The Profiling feature allows you to collect profiling data from your applications. This feature can collect profiles using eBPF, Java, or pprof.

eBPF profiling

To use eBPF to collect CPU profiles from this Pod:

profiles.grafana.com/cpu.ebpf.enabled

Java profiling

To collect Java profiles from this Pod:

profiles.grafana.com/java.enabled

pprof profiling

You can use the following annotations to control profiling for each enabled type (memory, block, goroutine, mutex, cpu, fgprof, godeltaprof_memory, godeltaprof_mutex, and godeltaprof_block):

profiles.grafana.com/<type>.scrape: Collects pprof profiles for the specified type from this Pod.
profiles.grafana.com/<type>.port: Collects profiles for the specified type from this port number.
profiles.grafana.com/<type>.port_name: Collects profiles for the specified type from this named port.
profiles.grafana.com/<type>.path: Collects profiles for the specified type from this path.
profiles.grafana.com/<type>.scheme: The scheme to use when scraping profiles for the specified type. Defaults to http.

Pod logs

Use the following annotation to control the collection of Pod logs:

k8s.grafana.com/logs.job: The value to use for the job label

Extra config

You can use the extraConfig sections to supply additional configuration to the Grafana Alloy instances. Anything you put in these sections are added to the existing configuration that is created by this chart.

Helm provides multiple ways to set these additional configuration values.
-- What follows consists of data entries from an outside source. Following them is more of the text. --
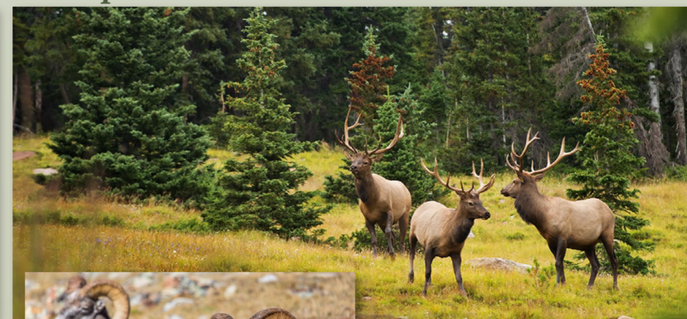
Above: Elk, or wapiti, graze amid Engelmann spruce ( Picea engelmannii). Left: The park is home to over 350 bighorn sheep, which were nearly extinct here in the 1950s.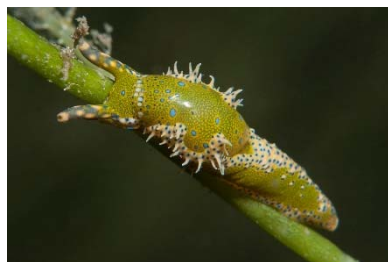
Oxynoe viridis (S&M) (1 sighting)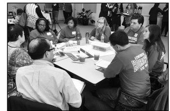
Lynchburg College team with a caregiver

The team representing Lynchburg College was awarded the competition's $5,000 Grand Prize, for “ Visible Me ,” an app that enables caregivers to log their self-care activities in order to redeem points. These points nourish a virtual garden, or care for a virtual pet, which is symbolic of the caregiver's own wellness. By taking care of themselves holistically and nourishing their body, caregivers will allow their garden to flourish, just as their own health will through tracking their self-care progress via the app.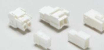
Rectangular Power Connectors(43)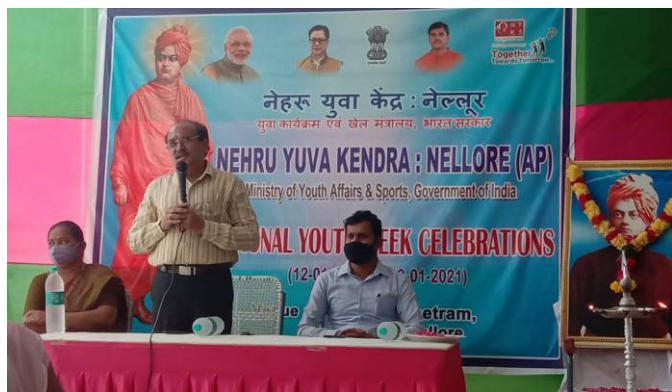
Principal of D.K.W College Addressing the Gathering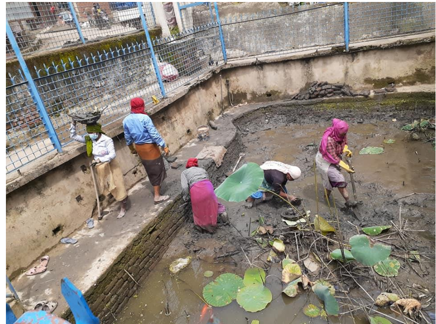
Traditional Water sources Cleaning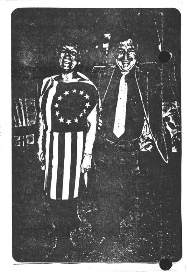
TIDEWATER MG 'T'CLASSICS 7704 BERGEN STREET NORFOLK, VA. 23518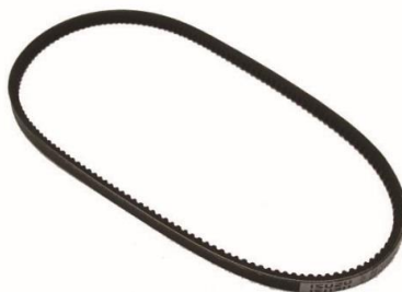
5-87610052-0 皮带; 冷却风扇 BELT; COOLING F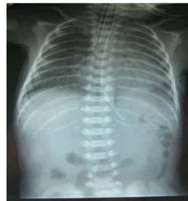
Fig.2:X-Ray chest-showing Clearance of lung fields after surfactant therapy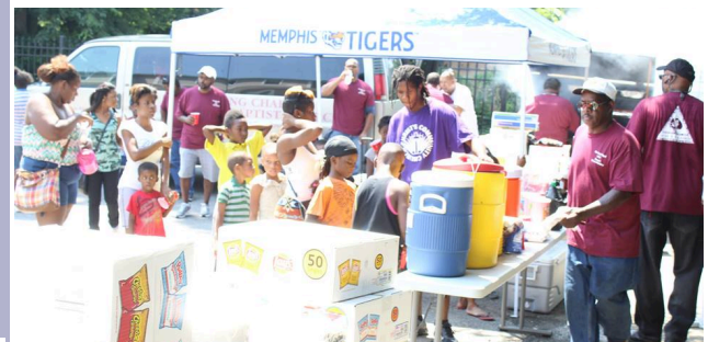
Men from Morning Chapel MBC help with Back to School Rally (front page story)

You can either keep the values in the same file as the rest of your Kubernetes Monitoring configuration, or store them separately as their own files and include during Helm chart install.

Set as values

You can set the contents of your extra configuration into your values file:

$ ls
values.yaml
$ cat values.yaml
cluster:
  name: my-cluster
...
collectors:
  metrics-collector:
    presets: [clustered, statefulset]
    extraConfig: |-
      // Any arbitrary Alloy configuration can be placed here.
      logging {
        level  = "debug"
      }
  logs-collector:
    presets: [filesystem-log-reader, daemonset]
    extraConfig: |
      // Any arbitrary Alloy configuration can be placed here.
      logging {
        level  = "debug"
      }
...
$ helm upgrade grafana-k8s-monitoring grafana/k8s-monitoring --values values.yaml

Set as files

You can save the contents of your extra configuration as files and use Helm’s --set-file argument:

$ ls
values.yaml  metricsConfig.alloy  logsConfig.alloy
$ helm upgrade grafana-k8s-monitoring --atomic --timeout 300s grafana/k8s-monitoring \
    --values values.yaml \
    --set-file "collectors.metrics-collector.extraConfig=metricsConfig.alloy" \
    --set-file "collectors.logs-collector.extraConfig=logsConfig.alloy"

This can be method beneficial after your extra configuration grows to a certain size.